Tapi belakangan banyak hal bikin gue resah. Ketidakpastian seringkali masih membangkitkan sebuncah harapan bahwa suatu hari kelak, entah kapan, ketidakpastian itu akan berujung pada mimpi yang gue tunggu-tunggu. Tapi justru krn ketidakpastian ini juga maka nggak pernah ada jaminan kalau mimpi gue akan sampai ke tangan gue. Atau jaminan bahwa gue bisa melihat mimpi gue dari kejauhan, seperti Musa yang masih bisa memandangi tanah perjanjian dari ketinggian gunung tempatnya menyerahkan nyawa. Atau jaminan bahwa kalau mimpi itu bisa gue genggam, gue bisa... yah gue bisa... apa ya? A little bit happier? A little bit more content about myself? A little bit more excited with life? Seperti yg org2 bilang… be careful of what you want, you may get it…
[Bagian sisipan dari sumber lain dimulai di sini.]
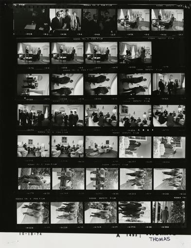 | Keywords: Ford A1493 NLGRF photo contact sheet (1974-10-18)(Gerald Ford Library).jpg White House Photographic Office WHPO is housed at the Gerald R Ford Presidential Library a branch of the National Archives and Records Administration NARA <br/><br/> This file is a 200 dpi photo contact sheet having images from roll of film A1493 of the August 9 1974 - January 20 1977 Gerald R Ford White House Photographic Office Series A0001-A9999 and B0001-B2886 photographs <br/><br/> The date on the photo contact sheet is the date the roll of film was processed not necessarily the date the photographs were taken See table below for additional details 1974-10-18 Gerald R Ford Presidential Library Image http //www fordlibrarymuseum gov/library/whphotos/A1493_NLGRF jpg A1493_NLGRF jpg from http //www fordlibrarymuseum gov/library/whphotos/19741018whpo pdf White House Photographs October 18 1974 of the http //www fordlibrarymuseum gov/Library/whphotos/whpo asp White House Photographic Collection page White House Photographic Office WHPO - Thomas PD-USGov Institution Institution Gerald R Ford Presidential Library Table wikitable sortable + Photo contact sheet A1493 U S President Ford Administration Gerald R Ford Library Frame s Tone Subject proper Subject generic Names Geographic Location Photographer Date - 2A BW President of Portugal leaning over table signing guest book Francisco da Costa Gomes Cabinet Room Thomas 1974-10-18 - 3A-4A BW President of Portugal standing talking Francisco da Costa Gomes Amb Catto Others Cabinet Room Thomas 1974-10-18 - 5A-10A BW standing talking near desk GRF Kissinger Oval Office Thomas 1974-10-18 - 11A BW Thomas 1974-10-18 - 12A-15A BW standing talking near desk GRF Kissinger Oval Office Thomas 1974-10-18 - 16A-18A BW President of Portugal greeting handshaking GRF Francisco da Costa Gomes Kissinger Amb Catto Others Oval Office Thomas 1974-10-18 - 19A-23A BW President; Minister of Foreign Affairs; Ambassador to the United States from Portugal seated talking near fireplace -different angles and distances GRF Francisco da Costa Gomes Mario Alberto Nobre Lopez Joao Hall Themido Kissinger Scowcroft Oval Office Thomas 1974-10-18 - 24A BW President; Minister of Foreign Affairs; Ambassador to the United States from Portugal seated talking near fireplace -Stewards serving coffee GRF Francisco da Costa Gomes Mario Alberto Nobre Lopez Joao Hall Themido Kissinger Scowcroft; White House Stewards Oval Office Thomas 1974-10-18 - 25A-26A BW President of Portugal walking out door of Oval Office GRF Francisco da Costa Gomes Kissinger Colonnade Thomas 1974-10-18 - 27A BW President of Portugal talking walking towards driveway GRF Francisco da Costa Gomes Sidewalk Between Oval Office and South Driveway Thomas 1974-10-18 - 28A-29A BW Departure of the President of Portugal standing waving to limousine; backs to camera GRF Kissinger Sidewalk Between Oval Office and South Driveway Thomas 1974-10-18 - 30A-35A BW Following Departure of the President of Portugal walking talking moving toward Colonnade and camera GRF Kissinger Sidewalk Between Oval Office and South Driveway Thomas 1974-10-18 - 36A BW Following Departure of the President of Portugal entering Oval Office Kissinger Colonnade Thomas 1974-10-18 Gerald R Ford Presidential Library and Museum-cooperation PD-USGov Contact sheets by the Ford White House October 1974 |
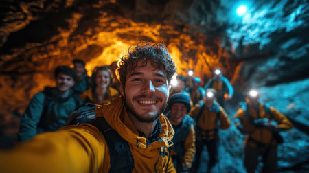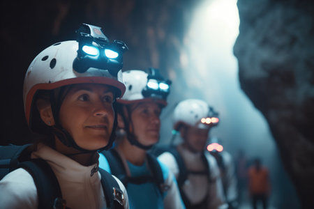Cave explorer walking through a dark cave illuminated by headlamps. Stunning cave decorated with beautiful stalactites and vibrant rock formations. Generative AI
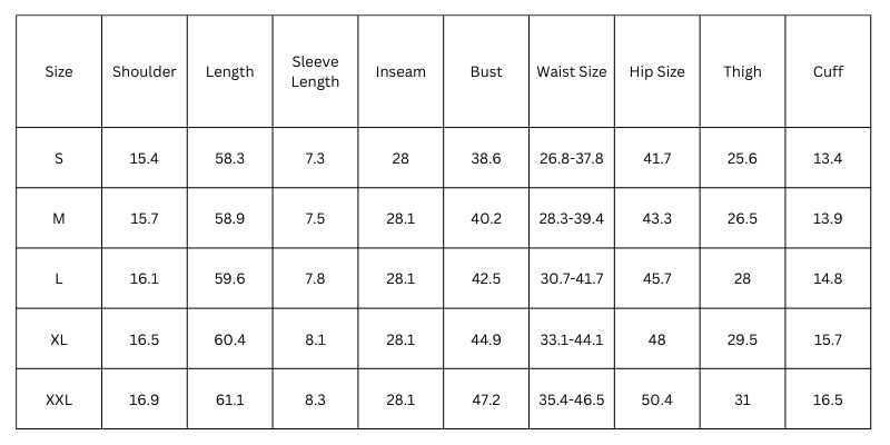 Size Chart (inches):
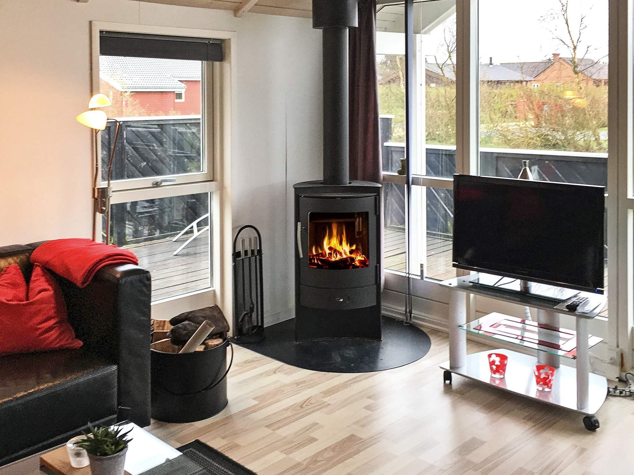 1 Opholdsstue: Brændeovn, stereoanlæg, tv, parabol

And yes, you may get it. You may get it and realized that it's a hell lot better if you left off without your dreams ever coming true. Hidup memang misteri. Seperti mimpi, hanya misteri.

Dan gue benci misteri.

Catatan kecil dari Dreams of My Russian Summers-Andrei Makine

Wednesday, November 15, 2006

Arai

aku jatuh hati pada arai. arai yang orang kebanyakan. arai yang wajahnya laksana patung muka yang dibuat mahasiswa-baru-seni kriya yang baru pertama kali menjamah tanah liat, pencet sana, melendung sini. arai yang wajahnya seperti hasil suntikan silikon dan mulai meleleh. arai yang gerak-geriknya canggung serupa belalang sembah.

 

aku berbagi ngilu dengan ikal ketika menjemput arai kecil yang sebatang kara. arai yang menunggu ikal dan ayahnya di depan tangga gubuknya. arai kecil yang mengapit karung kecampang berisi beberapa potong harta rombengan.

 

aku terpesona oleh semangat arai. arai yang bilang bahwa orang-orang miskin seperti dia dan ikal tak punya apa-apa kecuali semangat dan mimpi-mimpi. arai yang bilang bahwa dia dan ikal harus bertempur habis-habisan demi mimpi-mimpi mereka. arai yang tak mau mendahului nasib. arai yang mati tanpa mimpi….

 

aku mengagumi kelembutan hati arai. aku mengagumi pengorbanannya untuk sepupunya ikal. sesaat seperti melihat adegan-adegan kecil dalam kite runner. aku mengagumi ayunannya memecah celengan hasil kerja kerasnya mencari akar agar mak cik punya modal membuat kue tak perlu meminta-minta beras lagi. aku mengagumi kerja-keras-banting-tulangnya agar jimbron, sahabatnya yang invalid, gagap, dan terobsesi pada kuda bisa berdekatan sesaat, cukup sesaat, dengan kuda hebat milik capo.

 

aku mau jadi arai.

 

--abis baca sang pemimpi, andrea hirata--

Tuesday, September 26, 2006

Ada hati, anak-anak, yang tidak pernah sembuh setelah hancur. Atau kalaupun sembuh, hati itu menyembuhkan diri dengan cara yang aneh dan tak wajar, seakan diperbaiki tukang yang asal-asalan. Begitulah nasib Roscuro. Hatinya hancur. Memungut sendok dan memasangnya di kepalanya, berbicara tentang balas dendam, hal-hal ini membantunya menyatukan hatinya kembali. Tapi, malang, hatinya bersatu tapi tidak normal.

-The Tale of Desperaux,

Kate DiCamillo-

Thursday, September 01, 2005

PAULO COELHO

Why do I fall in love with Paulo Coelho? It's just a matter of reasoning. A very different one from the ones that made me fall for Dostoyevsky, or Seno Gumira Adjidarma, or Erich Kastner,or Philip Yancey, or Remy Sylado or Roald Dahl or a million other names I'd better not mention here to save the space. Well, I'm not trying to say that I don't  love those guys as well. I love Dostoyevsky for his sharpness in decribing a struggling soul that make me think of a human being as a long list of pros and contras. I'm crazy about Seno Gumira Adjidarma for his romantic style and tender words. I will go all over the world just to read more of Erich Kastner because he took me into a journey of friendships and love. I adore Philip Yancey for accompanying me through the dusty and winding road of being a so called devoted christian. I'm at the same time irritated and astonished by the way Remy Sylado tells his stories. I am heel over head for stories from Roald Dahl: how I love Charlie and the Chocholate Factory that took me into craziest of imagination when I have very little of it, for example.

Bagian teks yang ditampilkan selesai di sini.